她捏住手心中的儲物袋,沒有絲毫緊張,反倒是升起了幾分興奮與躍躍欲試:“那我就先試試,雖不知結果,但希望這東西,有總比沒有強。”
之后的一段時間,樓紫宴就單獨尋了處空曠房間,盤坐在其內嘗試用幻毒漣漪吸收其中的毒素。
她在吸收每枚丹瓶內的丹藥時,都會有意識地留下了一至兩枚,以方便她以“食用者”的身份,進行分析與對比。
并且還會每隔一段時間,將吞噬過丹藥毒素的幻毒漣漪應用到一份王家修士的血液中,進行實驗。
在這輪嘗試中,最開始在王家血液中的變化不太明顯,但是等到后來,她將廢棄過的丹藥毒性全部吸收完畢,甚至還吸收并煉化了不少賀樓郡賢送過來的有食欲丹藥后,她的漣漪讓血液變化的速度,便越發快了起來。

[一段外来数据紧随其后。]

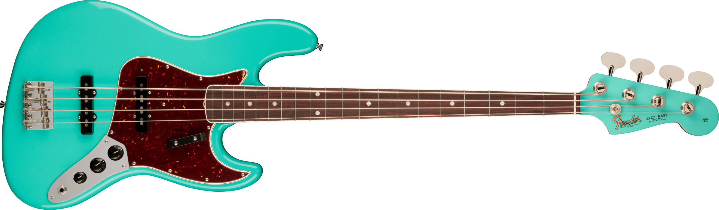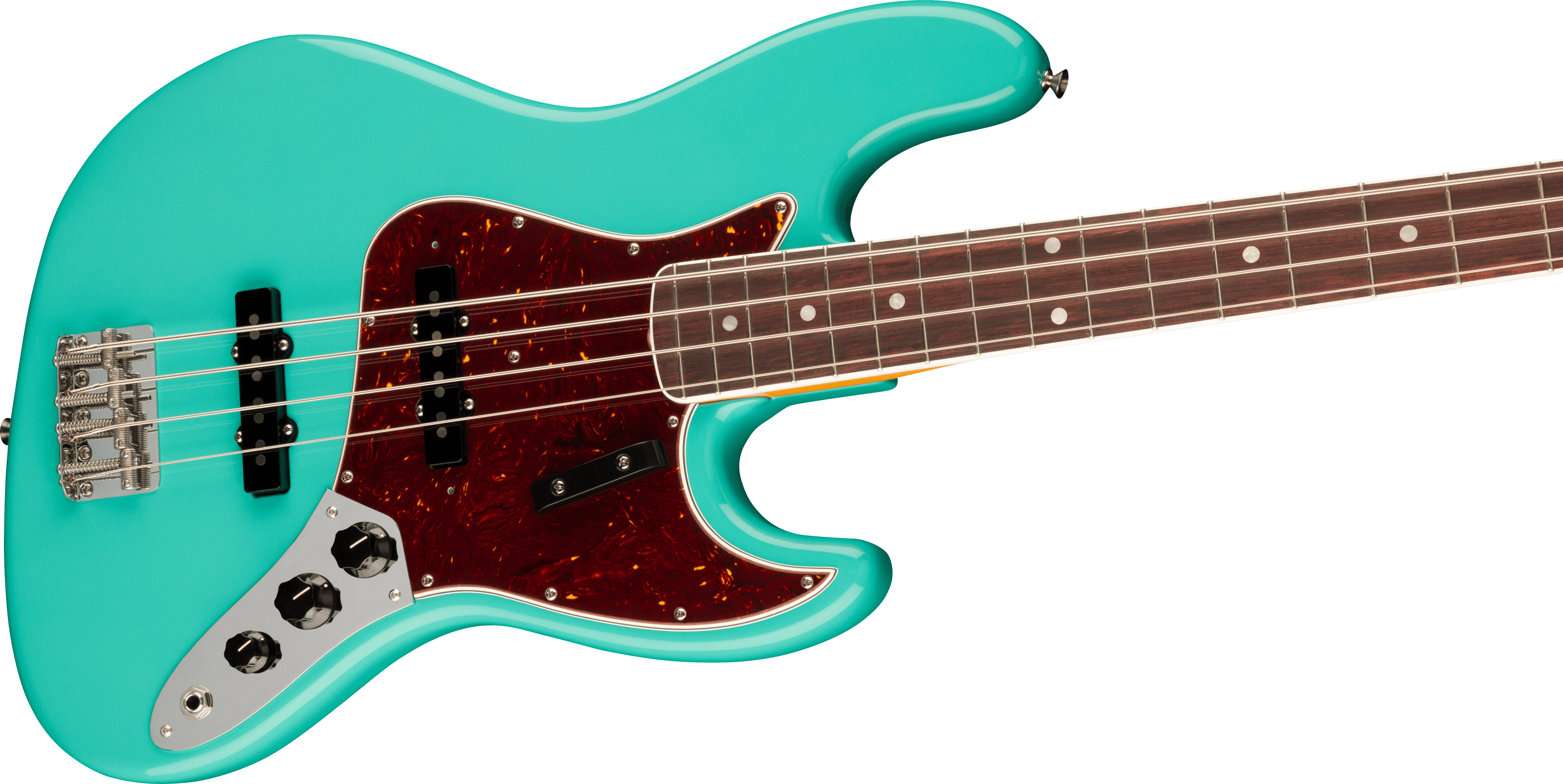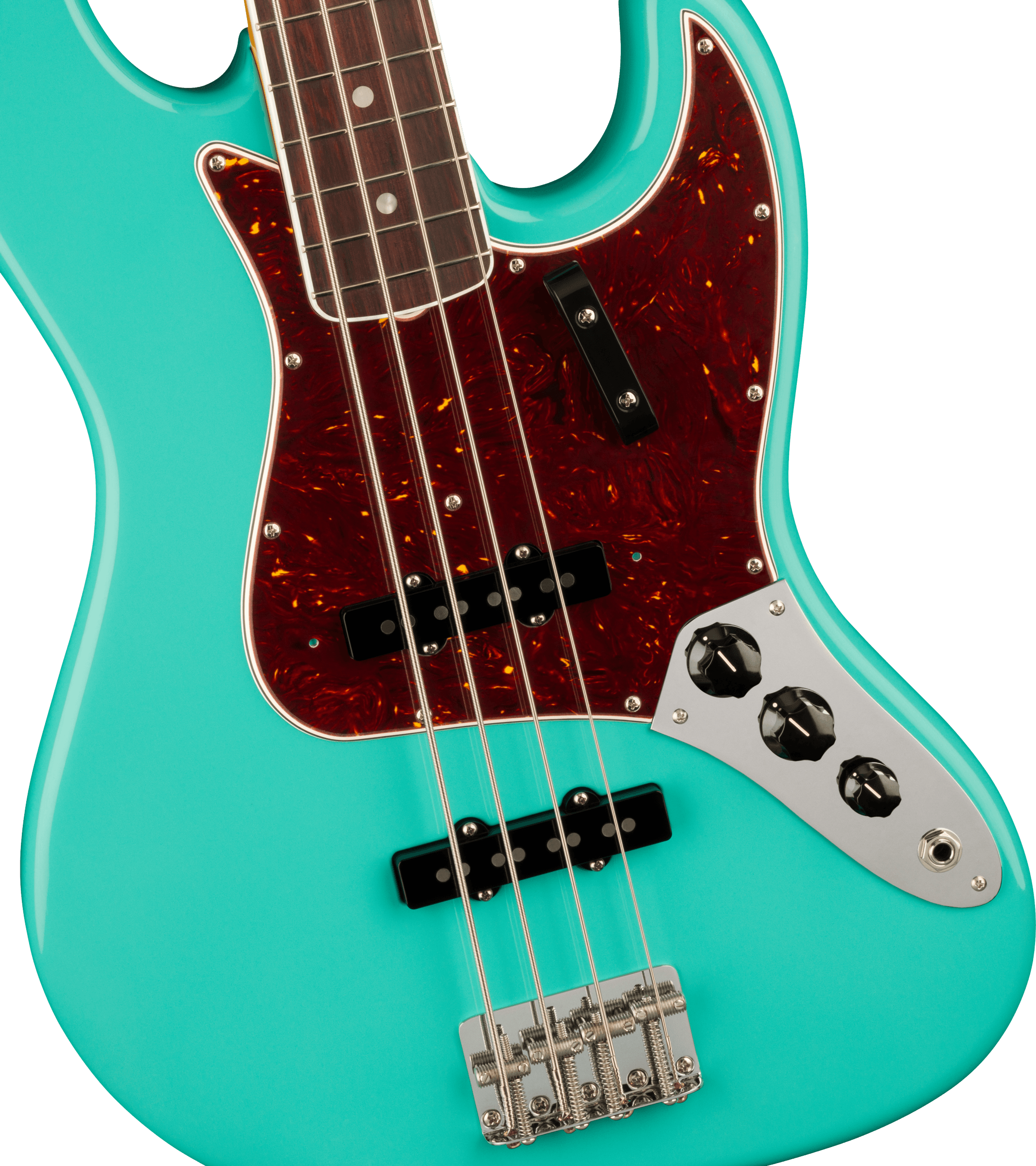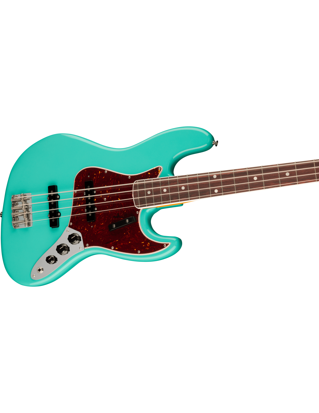 FENDER AM VINTAGE II 66 JAZZ BASS RW SFMG est une basse électrique à 4 cordes, modèle American Vintage II 1966 Jazz Bass, avec un corps en Alder (aulne) et une finition Gloss Nitrocellulose Lacquer, un manche en érable canadien à profil 1966 "U", une touche "Round-Lam" en Palissandre avec un rayon 7,25" et 20 frettes Vintage Tall et des incrustations White Pearloid Dot avec des points latéraux Black, un pickguard 4-Ply Tortoiseshell, une tête assortie, un Truss Rod Vintage-Style Butt Adjust, un sillet en os, un matériel nickelé, des mécaniques Pure Vintage "Lollipop" avec un abaisse-cordes Vintage-Style Disc et un pont Fender Pure Vintage à 4 sellette. L'électronique se compose de 2 micros Pure Vintage '66 Single-Coil Jazz Bass avec 2 contrôles Volume et Master Tone. Inclut la housse Fender Vintage-Style Black.
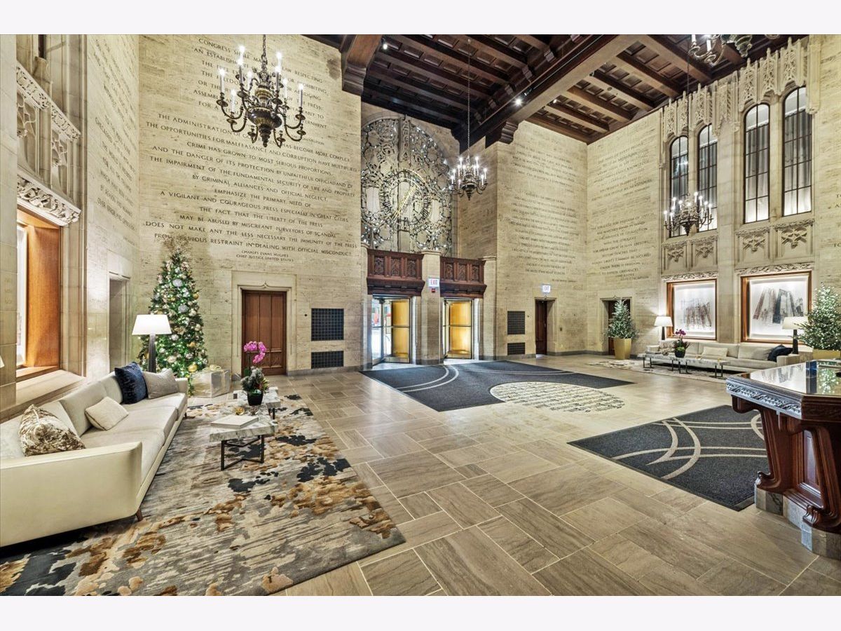 Tribune Tower Residence offers an amazing opportunity to own a home in one of Chicago's most ICONIC buildings located on the famous Magnificent Mile. This highly upgraded 3249 sqft 3 Bed/ 3.1 Bath home is appointed with the most luxurious finishes: owner installed high end custom closets and Stoneside electric blinds throughout and entire unit was custom painted. Other finishes include oversized windows, custom millwork throughout, custom Bovelli white cabinetry, chefs kitchen with SubZero refrigerator and built in wine fridge, hooded Wolf oven and Miele appliances, wide plank white oak wood floors throughout, and a cozy gas fireplace. Grand foyer entrance leads you to a bright open living room/ dining room and kitchen. 10 foot ceilings, extra wide hallways with additional storage/ closets and powder room. Enormous primary bedroom suite has 2 Large walk-in closets and an additional closet for everyday living extras. Elegant primary marble bathroom includes a dual vanity with separate walk-in shower and large soaking tub and has timeless finishes and fixtures throughout. Oversized 2nd and 3rd bedrooms both with ensuite elegant spa level baths for easy family living. Separate laundry room with extra storage, side by side washer/ dryer and sink. There are 162 residences with 56 different floor plans, creating many one-of-a-kind residences. Tribune Tower offers over 55,000 sq ft of amenity space which no other building in Chicago offers. These amenities include: the 25th floor "Crown Terrace" the crown jewel of Chicago with panoramic city views surrounded by spectacular famed flying buttresses. The 7th floor features a 75 ft heated indoor lap pool and sundeck and areas for lounging and grilling. The 3rd floor offers a private elevated park and abundant work and social gathering spaces with billiards and game room. The 2nd floor has an indoor golf simulator and putting green, state of the art fitness center and spa treatment rooms with steam and saunas, locker rooms, dog run, and a resident lounge. 24-hour door-staff. Tribune Tower is an extraordinary luxury residential lifestyle in one of Chicago's most ICONIC buildings with and A+ location. Deeded tandem parking space (2 cars) an additional $100K.
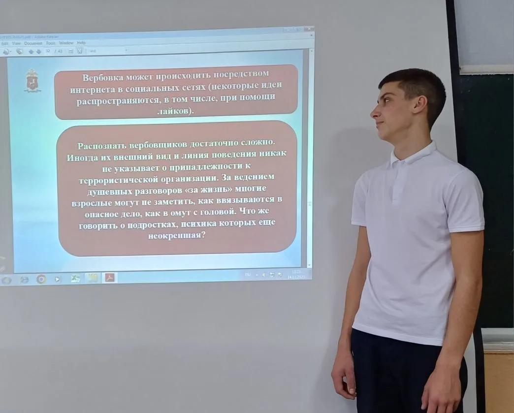 14 ноября для учащихся 10 класса классным руководителем В.А. Черенковой проведена профилактическая беседа на тему «Осторожно! Вербовка!».
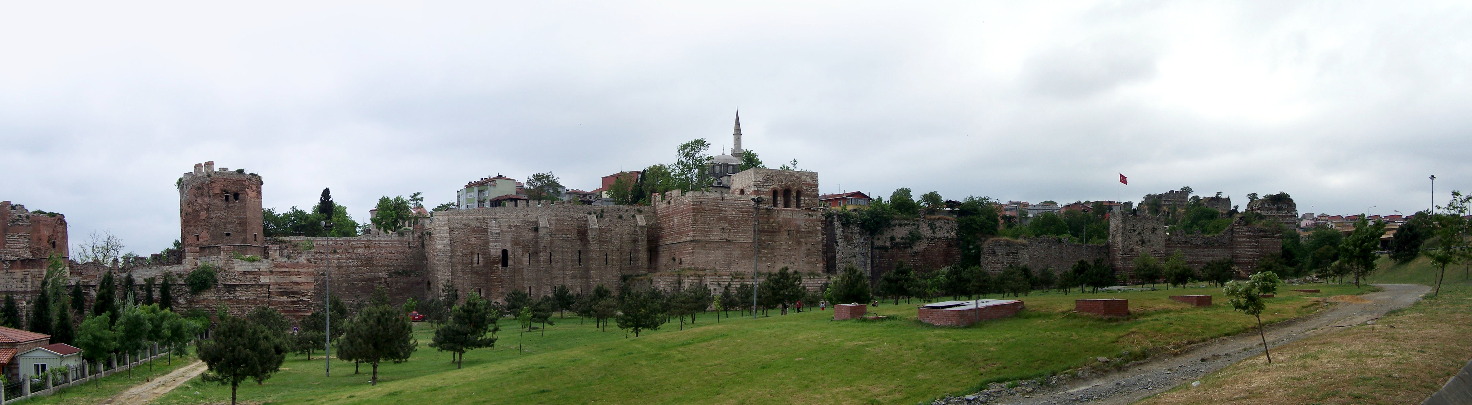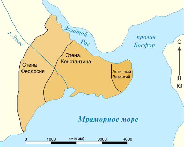 Общая протяжённость крепостных стен Константинополя составляла 16 км, по их периметру насчитывалось около четырёхсот башен. Стены Феодосия, пересекавшие Босфорский мыс от Мраморного моря до залива Золотой Рог, достигали в длину 5,5 км и были самыми мощными. Эти стены были возведены в три ряда (с учётом укреплений, достроенных позже, после разрушительного землетрясения 447 года). Первый ряд стен, высотой 5 м, защищал глубокий и широкий ров с водой (он имел 20 м ширины, а глубина местами доходила до 10 м). Второй ряд, имевший 2—3 м в ширину и 10 м в высоту, усиливали 15-метровые башни. Третий ряд, наиболее массивный, достигал в толщину 6—7 м и был защищён башнями высотой от 20 до 40 м. Башни были оборудованы устройствами для метания камней и поливания противника горячей смолой или маслом. Вдоль стены располагались караульные помещения для стражи и небольшие хранилища провианта и боеприпасов. Основания стен Феодосия уходили на 10-20 м под землю, что практически исключало возможность подкопа. Через ров не было построено стационарных каменных мостов, лишь лёгкие деревянные, которые убирались на ночь, а при осаде быстро уничтожались защитниками города[23][24].

樓紫宴眼見著她幻毒漣漪包裹的那壇鮮紅血液,在這須臾之間就逐漸萎縮,直至最后變成了一壇子仿若干涸枯黑的淤泥壇底,只覺得心跳都因為過于激動,而砰砰地快跳了幾拍。
這種陡然出現的變化與模樣,讓不少修士豁然回頭,眼底滿含訝異與驚奇。
“這個是……有效果了?”
“可是不對啊,這個是哪種丹藥出現的效果?”
“咱們之前為了嘗試,不是還將迄今為止煉制過的所有丹藥,都往一壇子血液中丟過嗎?當時都沒有任何的效果,那么現在關鍵出在哪里?!”